I have one hive with no bottom at all - see 
http://video.google.com/videoplay?docid=-7690446915686538155&hl=en

I have one with a solid floor, which has produced the most harvestable honey so far this season (by which I mean combs with mostly honey and no brood) and another four with mesh floors, including one Warré. They are all doing ok, considering the cold, wet spring and even wetter summer we are having. They still have time to make up stores for winter, as we usually have a late flow of Himalayan Balsam [who said it was a useless invader] and ivy). 

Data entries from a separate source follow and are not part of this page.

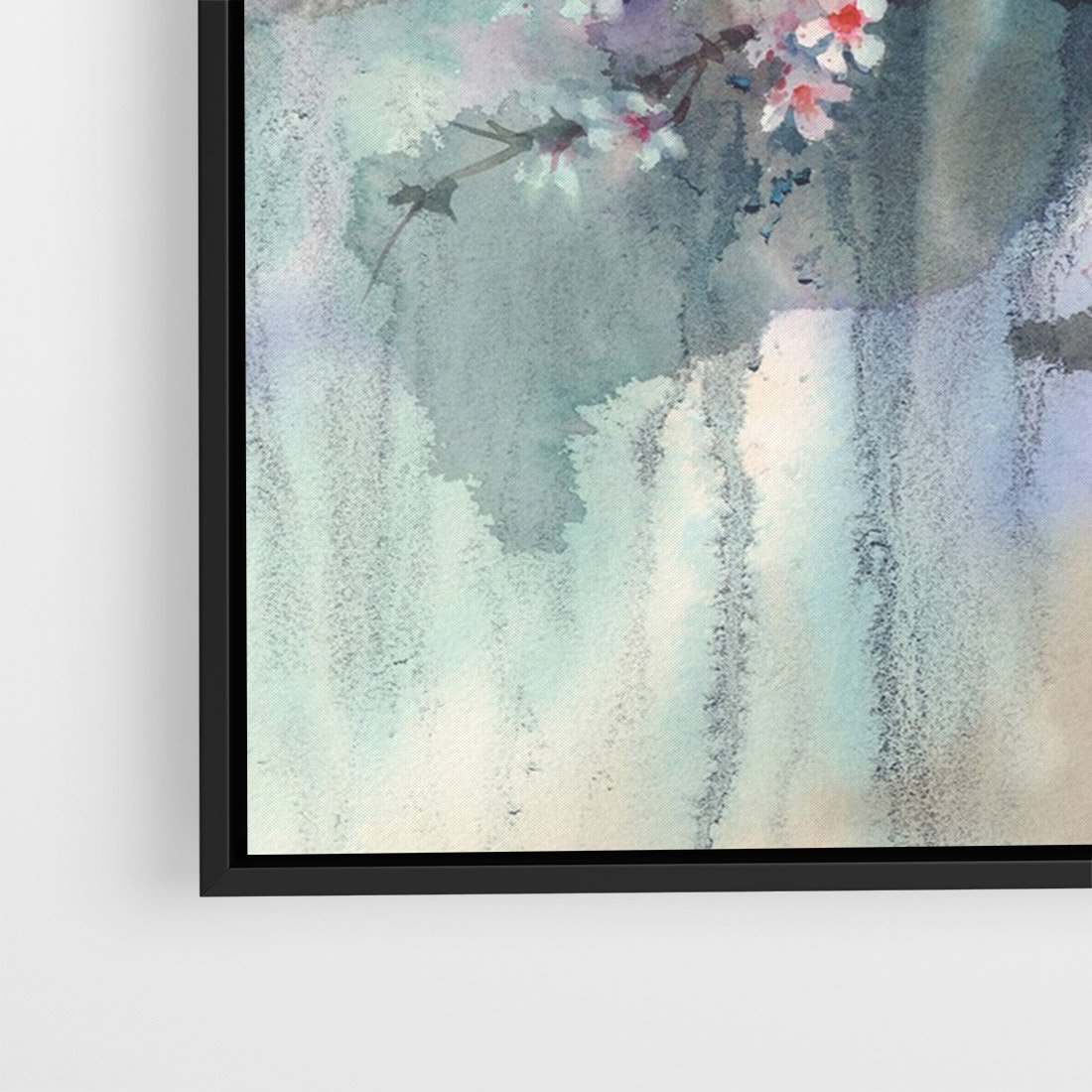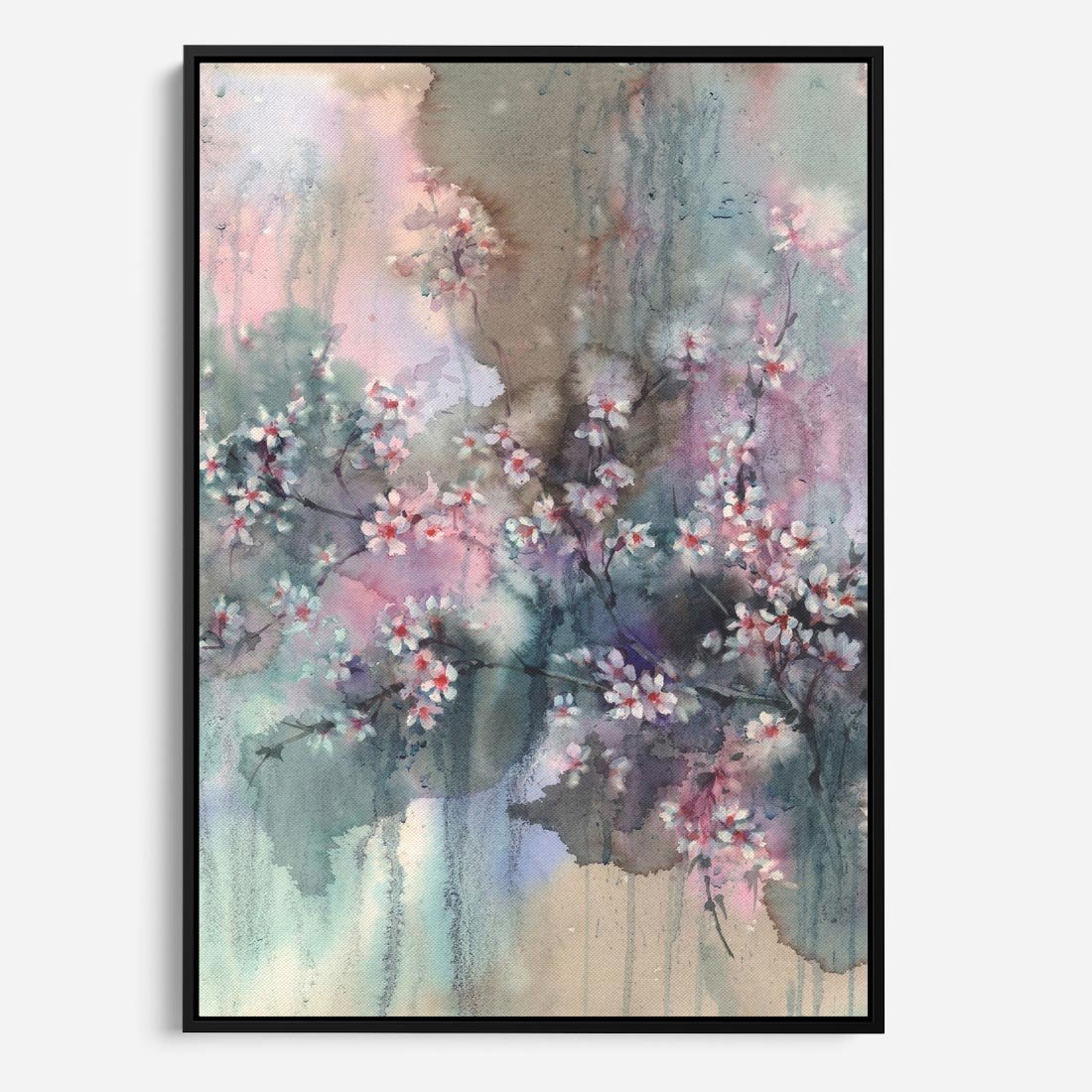Obraz w ramie 70x100 - Efemeryczne Kwitnienie Drzew - akwarela, rozmyte pastelowe tłó - rama czarna
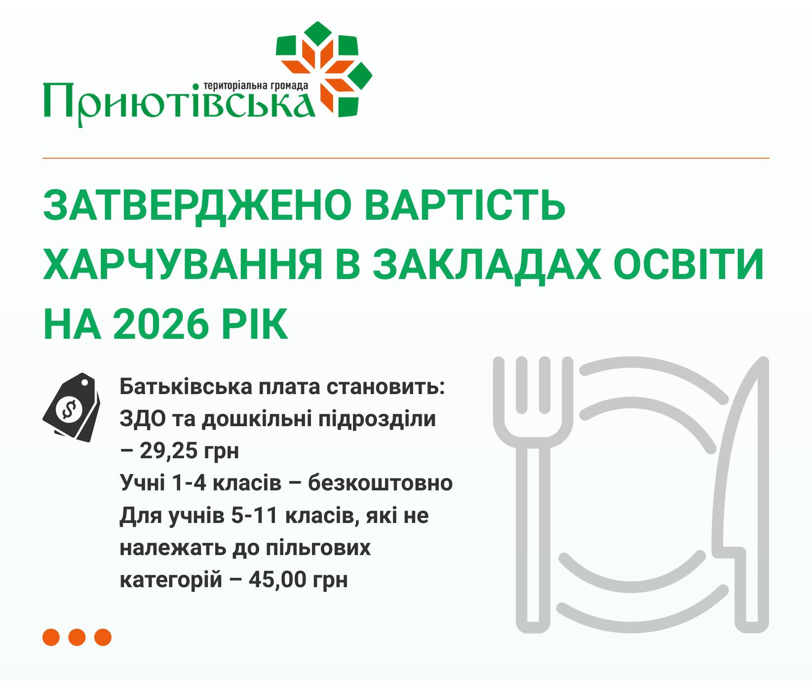 У Приютівській громаді затвердили вартість харчування в закладах дошкільної та загальної середньої освіти на 2026 рік.
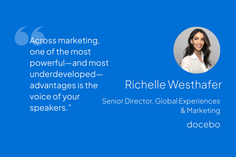 At Docebo, the marketing team recognized something deeper: their speakers—internal SMEs, customers, partners, and trusted industry voices—were one of their most underutilized marketing assets.
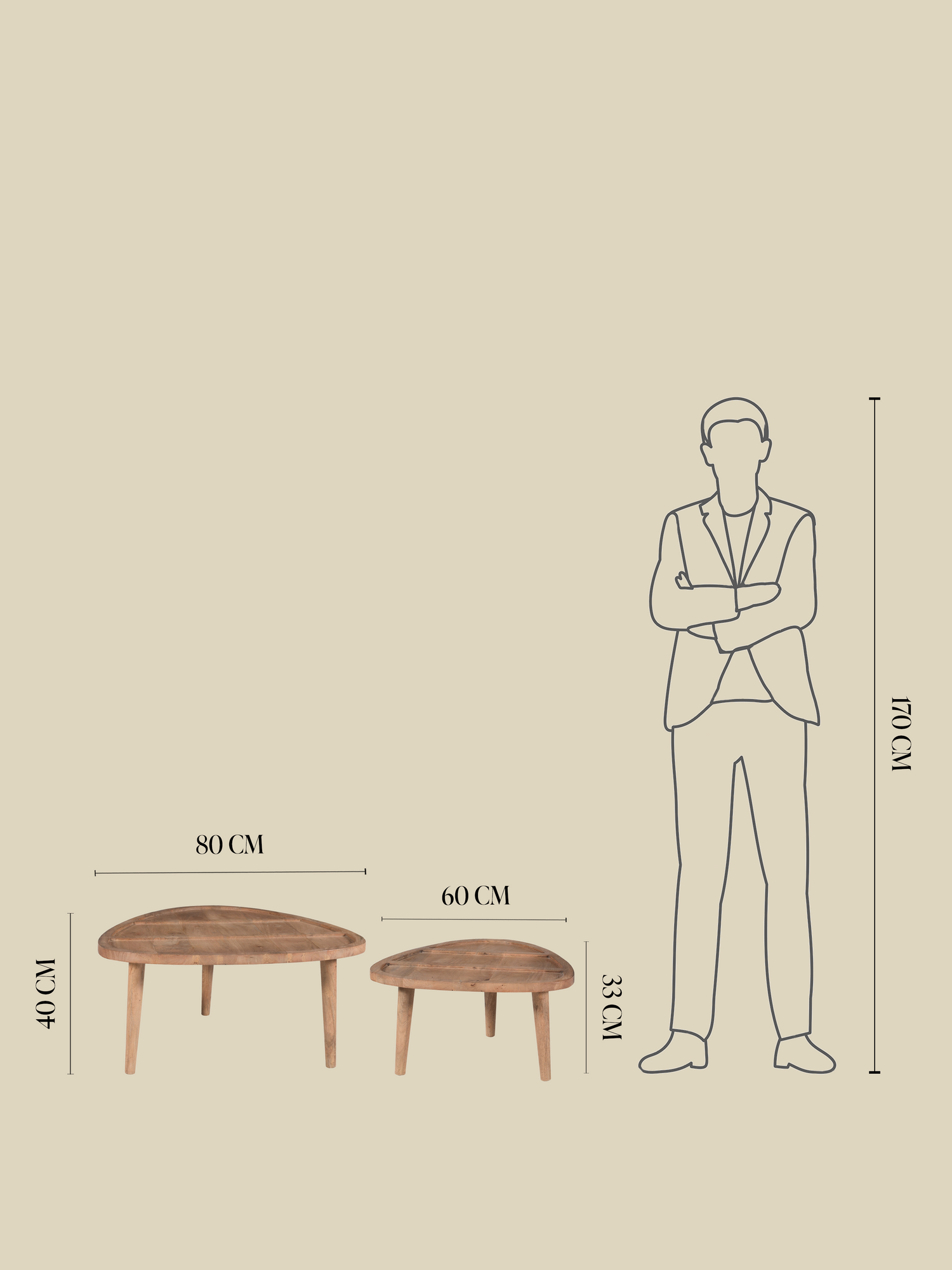 The Cairo Coffee Table Set proves that minimalism doesn't have to be predictable. With clean triangular mango wood tops and tapered legs, these two nesting tables offer form and function in equal measure. Available in two versatile finishes—a sleek matte black for a bold, modern edge, or a warm natural wood for a more organic, earthy feel—Cairo adapts effortlessly to your space and style.
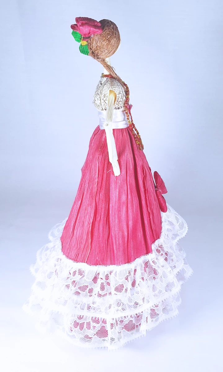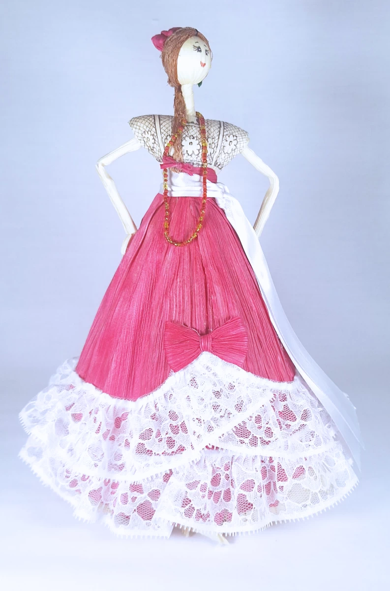 Ligeras, delicadas y llenas de encanto, estas muñequitas están hechas a mano con hoja de maíz, una fibra natural que guarda la esencia del campo y la tradición. Cada figura nace del trabajo paciente de artesanas que, con manos sabias, moldean vestiditos, trenzas y rostros sencillos que evocan la vida cotidiana de los pueblos campechanos.
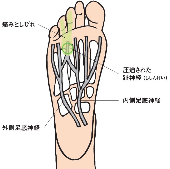足の第3~4 足趾間(中指と薬指の間)にしびれ、痛みが出る障害です。偏平足の人、つま先立ちをすることが多い人や、ハイヒールを履くことの多い人に多くみられます。サイズの合ったシューズを履くようにしたり、インソールなどで矯正することで改善することが可能です。
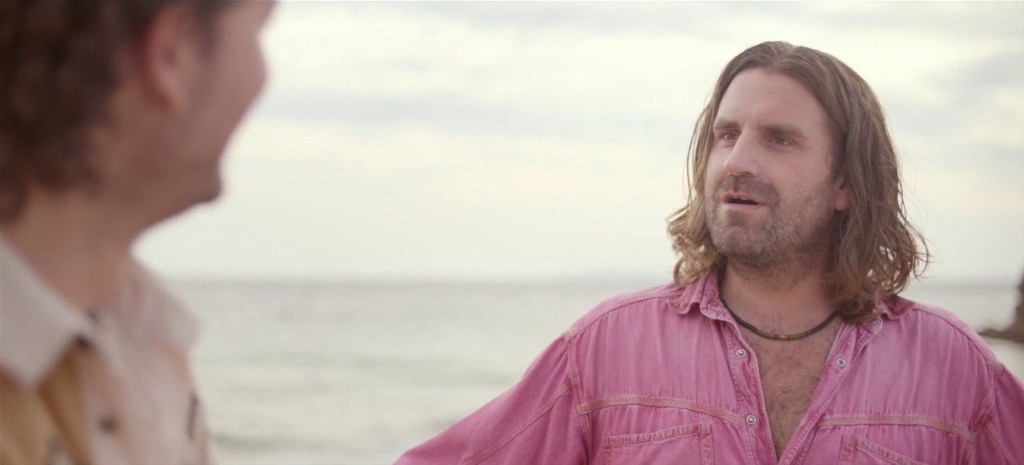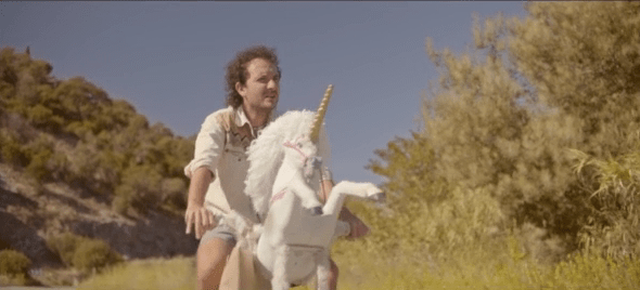 Les gags ne font ainsi que se répéter, ou se faire écho entre eux. Nous assistons un nombre incalculable de fois à leur fameux check Taureaux, avant une scène sur les origines mystérieuses de cette salutation à la fois si unique et si simple. Puis il y a tous ces moments d’attente (comme celle au bord de la piscine ou de la plage), qui s’alternent avec des instants de jeu (comme la bataille de bouées dans la piscine). Divers objets apparaissent comme des tâches dans un décor falsifié par la photographie pastel, comme ce vélo en forme de licorne rose, qui permet de tracter une voiture tombée en panne. La liste de ces éléments peut se prolonger facilement, mais ce qu’il est juste de rappeler, c’est cette façon de les faire tous coïncider avec une forme de degré zéro de l’interprétation. En cela, la fausse morale du film vient se moquer de la bêtise à vouloir donner une signification là où il n’y a qu’innocence de l’esprit – les deux amis assis côte à côte affirment que rien n’est plus important que l’amitié, avant de se remettre à rire bêtement.
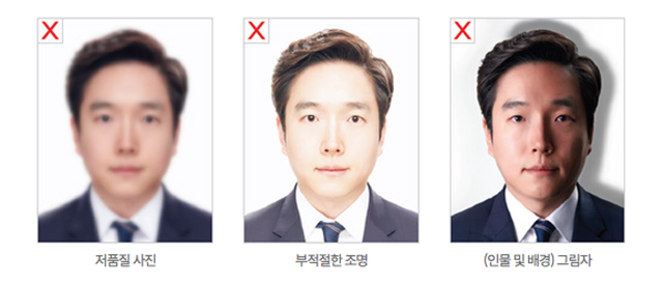 포토샵으로 수정한 사진은 사용할 수 없으며 배경은 균일한 흰색이어야 합니다. 테두리가 있으면 안되며 다른 사람이나 사물이 노출된 사진 또한 사용할 수 없습니다.
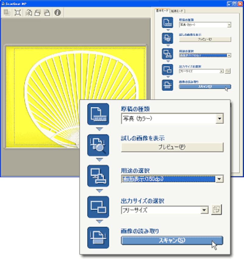 スキャナのユーティリティソフトが起動します。お使いの機種によって操作画面が異なりますが、[カラー(写真)]で試しの読み込み(プレビュー)を実行後、解像度を150dpi程度に設定して、本番の読み込み(スキャン)を実行します。
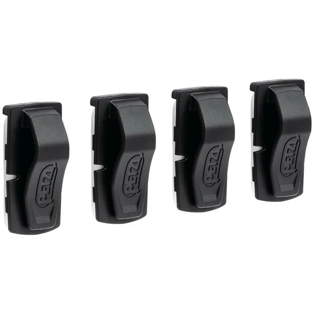 Four adhesive clips for mounting a Petzl headlamp on helmets that do not have clips.
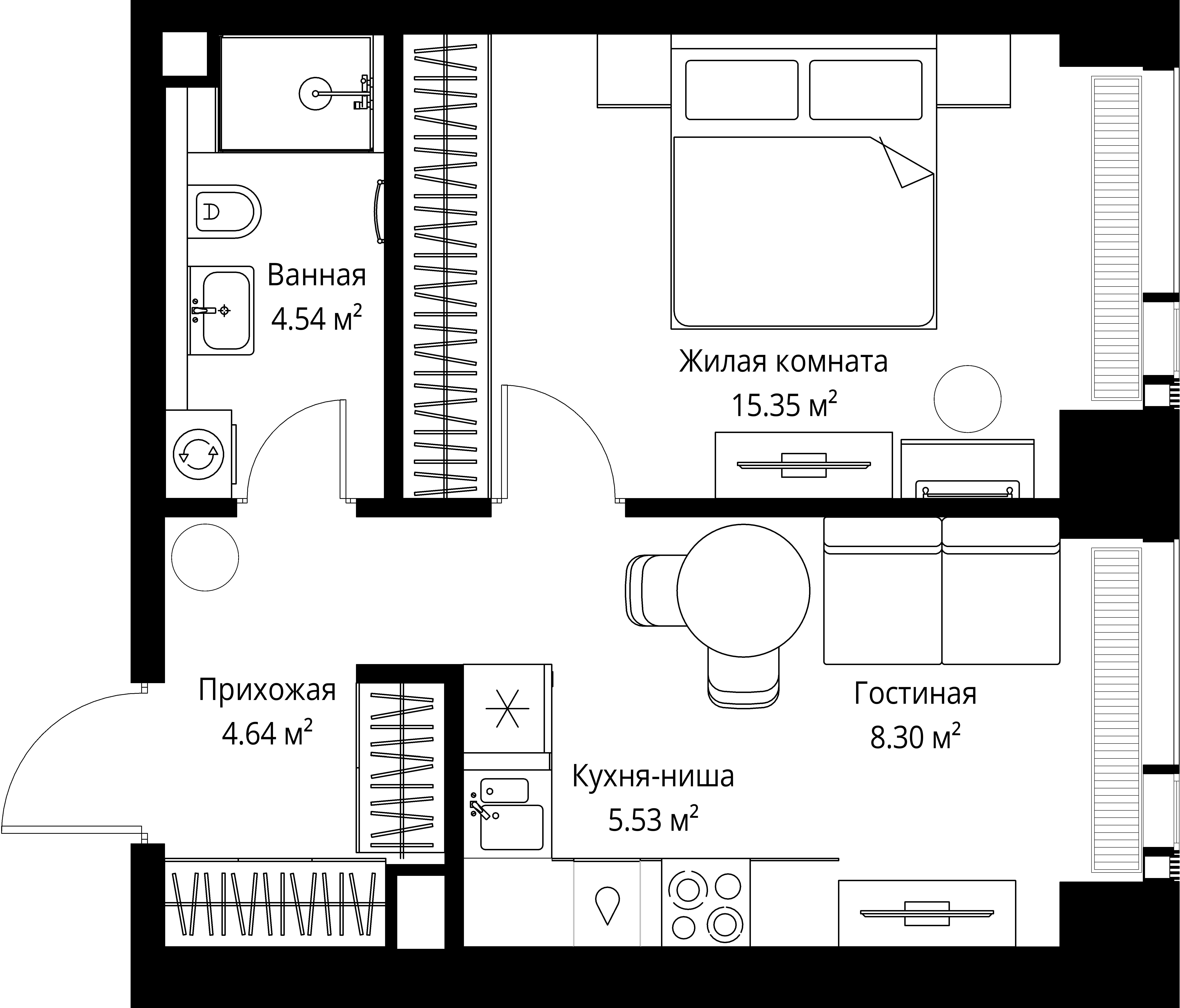 Квартира 38,36 м² - 42 этаж

I don't have enough of either type to say for sure than one is better than another - and I think it will be largely down to local conditions and strain of bee.


----------



## mfisch (Aug 28, 2007)

buckbee said:


> I have one hive with no bottom at all - see
> http://video.google.com/videoplay?docid=-7690446915686538155&hl=en
> 
> I have one with a solid floor, which has produced the most harvestable honey so far this season (by which I mean combs with mostly honey and no brood) and another four with mesh floors, including one Warré. They are all doing ok, considering the cold, wet spring and even wetter summer we are having. They still have time to make up stores for winter, as we usually have a late flow of Himalayan Balsam [who said it was a useless invader] and ivy).
> ...


Interesting video, I suppose I won't worry about them keeping the hive cool with the bottom off then. No problems from mice or other pests with exposed comb?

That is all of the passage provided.